The occasional seller or purchaser of an NFT will not be captured by the new rule because they are not conducting the trade in the course of business, Marian said, “but platforms who do it as a business model will be captured.”
The form used to report the income, form 8300, is issued jointly by the IRS and the Financial Crimes Enforcement Network. The IRS says that such information helps combat money laundering, tax evasion, and other illicit activities. Unlike all other IRS information reporting requirements, any violation of 6050I is a felony, subject to a fine or even up to five years in prison.
So far, crypto enthusiasts have been calling the new provisions overly harsh and invasive.
“In the business of creating/reselling #NFTs? Get used to filing Form 8300, and obtaining social security numbers and identification of your buyers,” tweeted James Yochum, a CPA who specializes in crypto accounting.
Brian Armstrong, CEO of Coinbase, whose company is poised to launch an NFT marketplace any day now, called the new legislation a “disaster” for crypto.
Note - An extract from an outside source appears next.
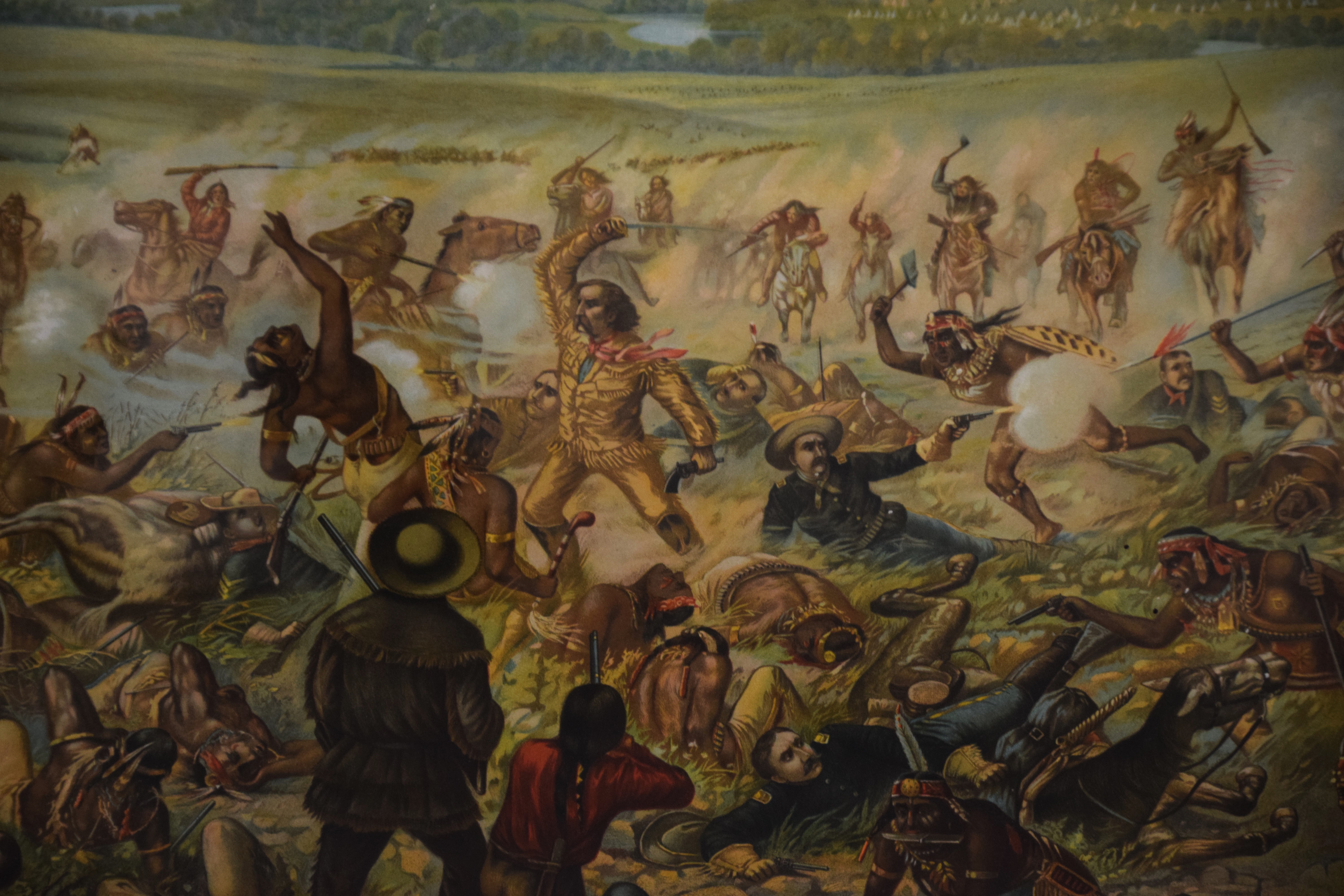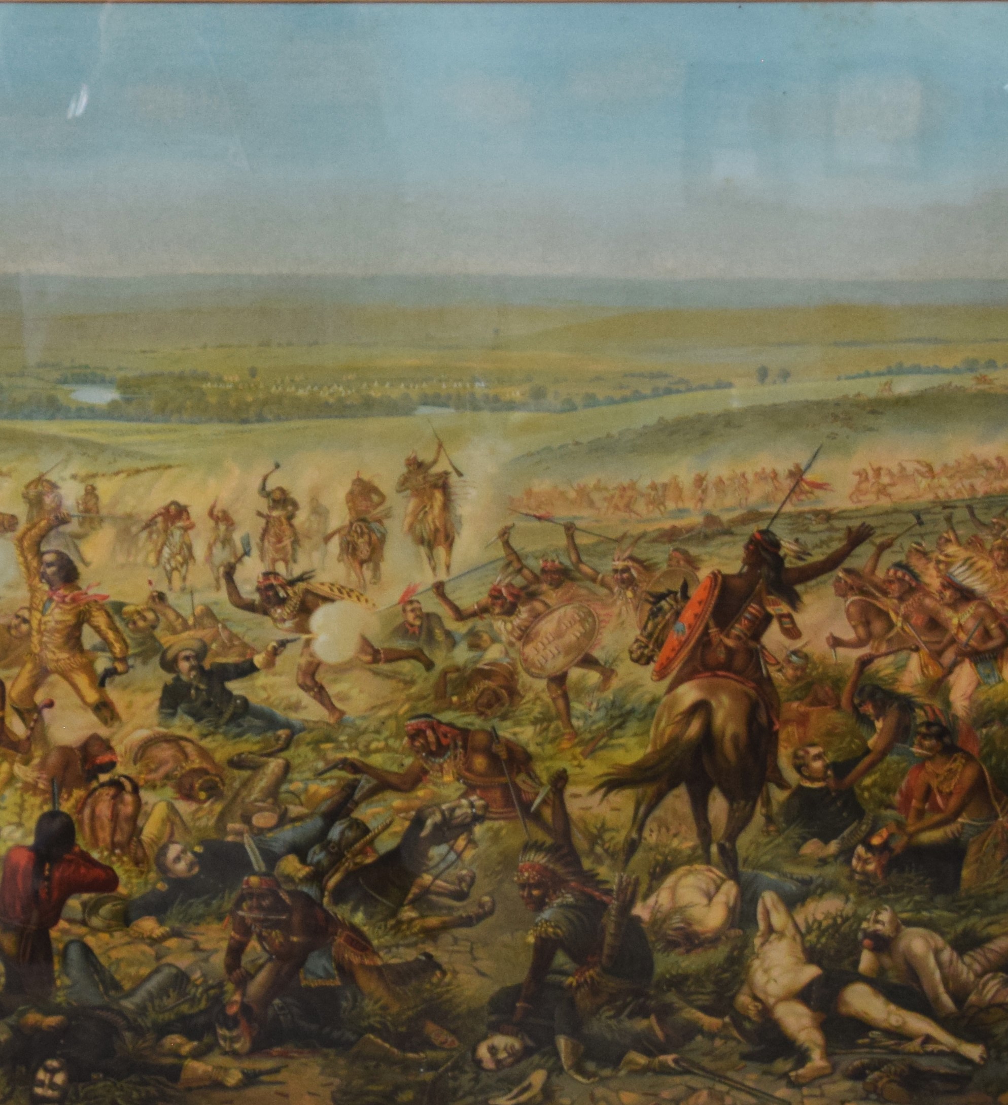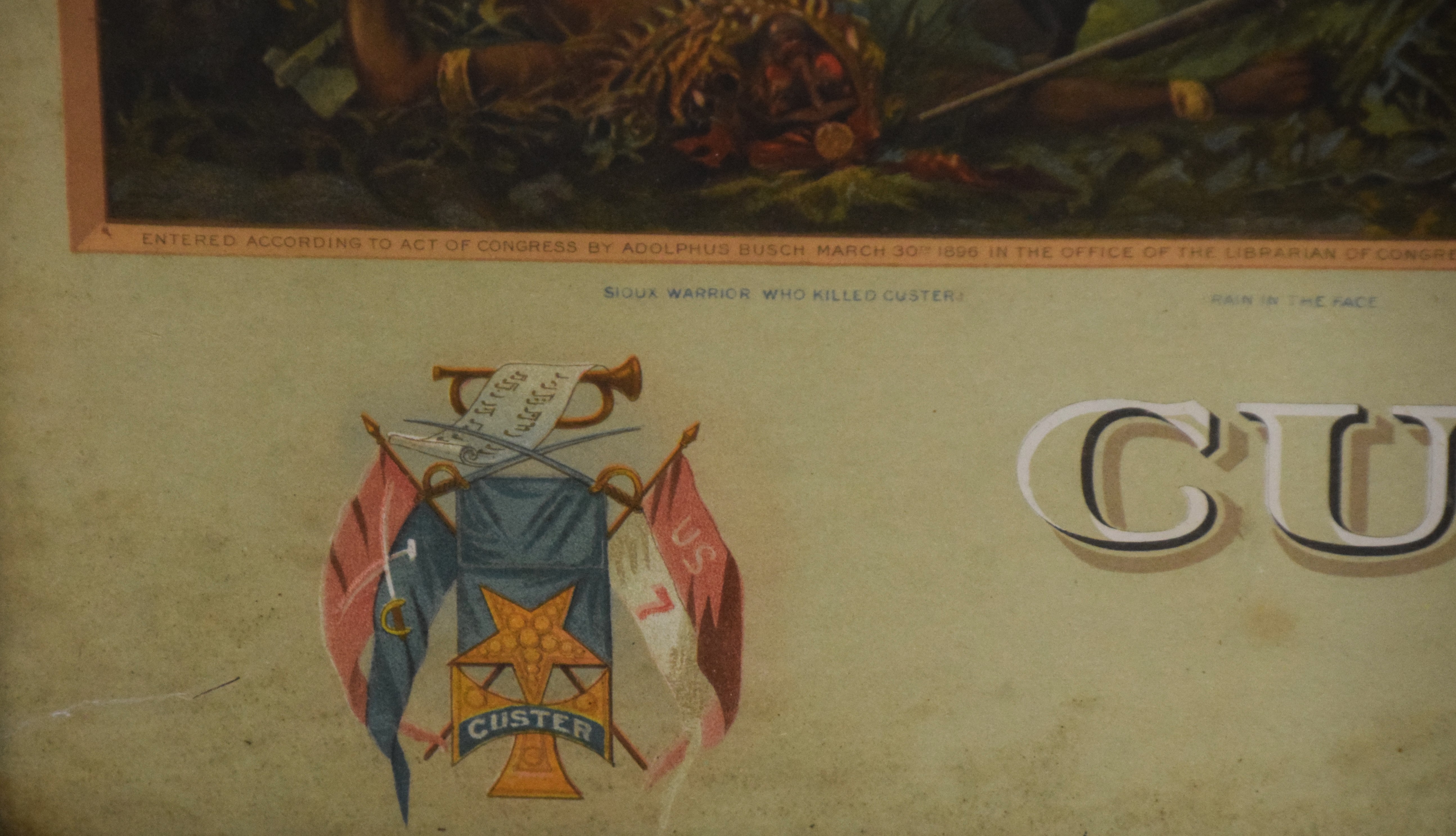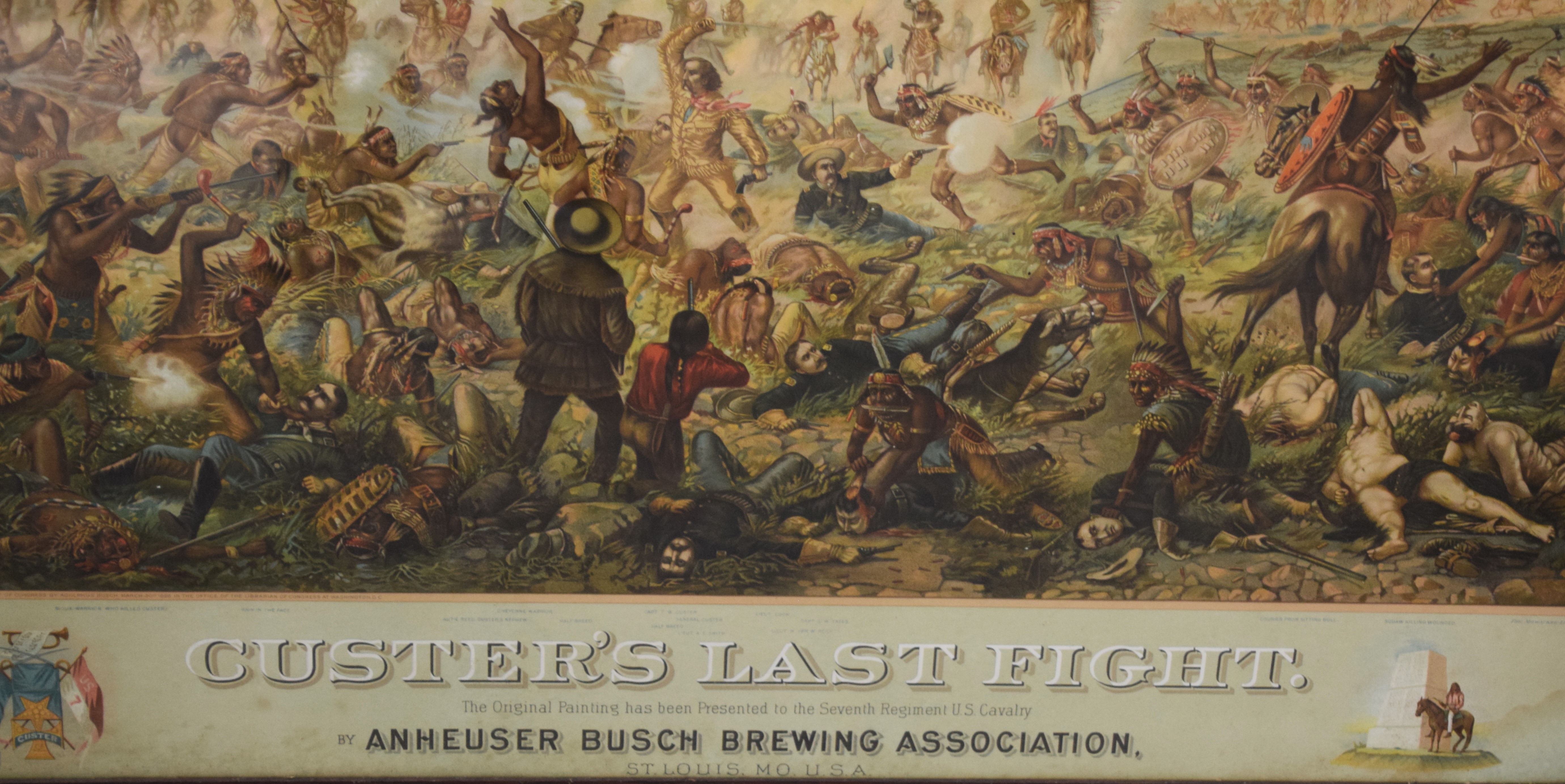 An outstanding 1896 Anheuser-Busch lithograph of Custer’s Last Stand with excellent color and graphics in an original Anheuser-Busch oak frame. Dimensions: 34.5″ x 44.5″ Overall

It’s a “[c]riminal felony statute that could freeze a lot of healthy crypto behavior (like Defi),” he said.
However, there are some who argue that if crypto wants to fulfill its dream of being treated like real money, then it needs to step up and comply with real money rules.
“This is about preventing tax evasion and other financial crimes, like money laundering,” Marian said. “Selling an NFT is a taxable event, but our tax enforcement is built on voluntary reporting.” People are more likely to fully report if they know a third party has already sent in the information. Plus, if one party reports a transaction but the other doesn’t, the IRS is likely to ask questions.
There is still a lot to be ironed out in the new crypto reporting rules. Ultimately, it is up to the Treasury Department to spell out how the new provisions will work in practice.
“If I were a law-abiding NFT buyer/seller, I wouldn’t worry just yet,” Marian said. “People who use their NFTs to hide their wealth should be very worried, though.”